YOUR TASK — Transcribe the lines below verbatim, skipping the images.
*** Opening of PROVIDED DATA ***
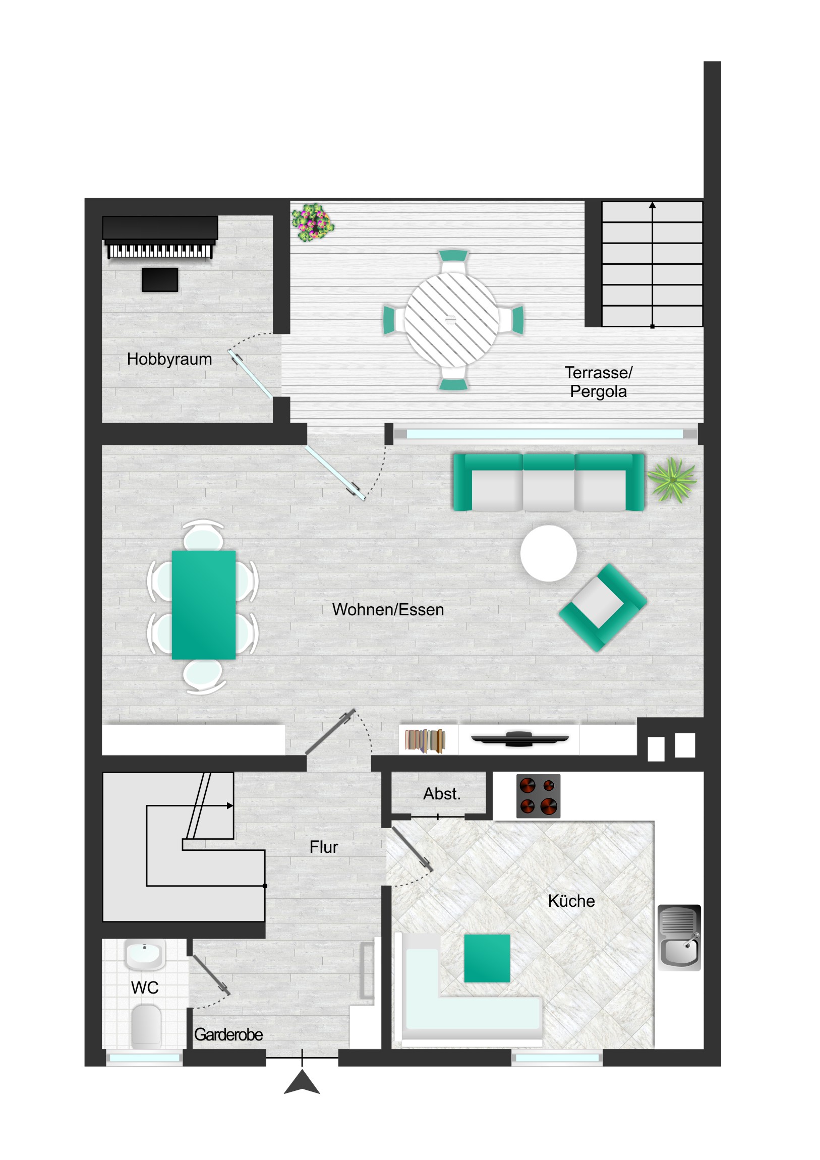 Im Erdgeschoss empfängt Sie eine helle Küche, die ausreichend Platz für eine gemütliche Sitzecke bietet. Ein praktischer kleiner Abstellraum ist direkt integriert. Der Eingangsbereich ist mit einem Garderobenbereich und einem Gäste-WC ausgestattet und sorgt für eine klare, alltagstaugliche Struktur.
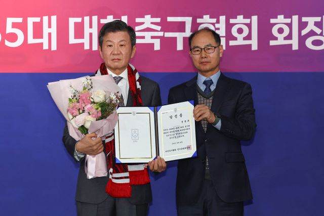 정 회장은 허정무 전 대표팀 감독, 신문선 명지대 기록정보과학전문대학원 스포츠기록분석학과 초빙교수와 경쟁해 총유효투표수 182표 중 156표를 얻으며 득표율 85.7%의 압도적인 지지를 받았다.
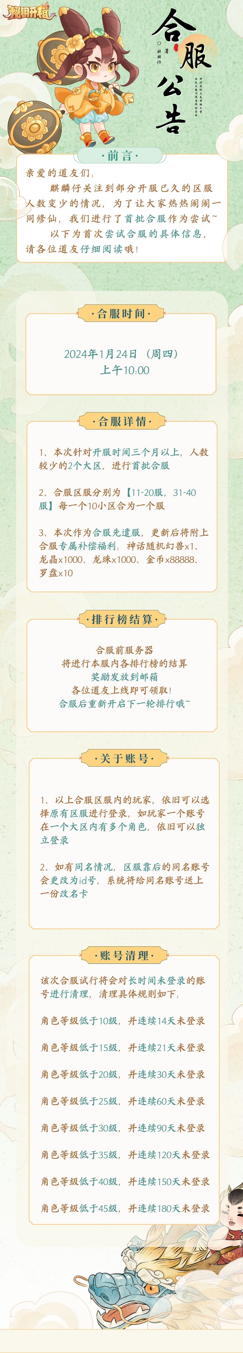 合服公告 | 共同修仙乐趣无限,合服试行福利多多~
*** Close of PROVIDED DATA ***
RESPONSE TO THE TASK —
 Im Erdgeschoss empfängt Sie eine helle Küche, die ausreichend Platz für eine gemütliche Sitzecke bietet. Ein praktischer kleiner Abstellraum ist direkt integriert. Der Eingangsbereich ist mit einem Garderobenbereich und einem Gäste-WC ausgestattet und sorgt für eine klare, alltagstaugliche Struktur.
 정 회장은 허정무 전 대표팀 감독, 신문선 명지대 기록정보과학전문대학원 스포츠기록분석학과 초빙교수와 경쟁해 총유효투표수 182표 중 156표를 얻으며 득표율 85.7%의 압도적인 지지를 받았다.
 合服公告 | 共同修仙乐趣无限,合服试行福利多多~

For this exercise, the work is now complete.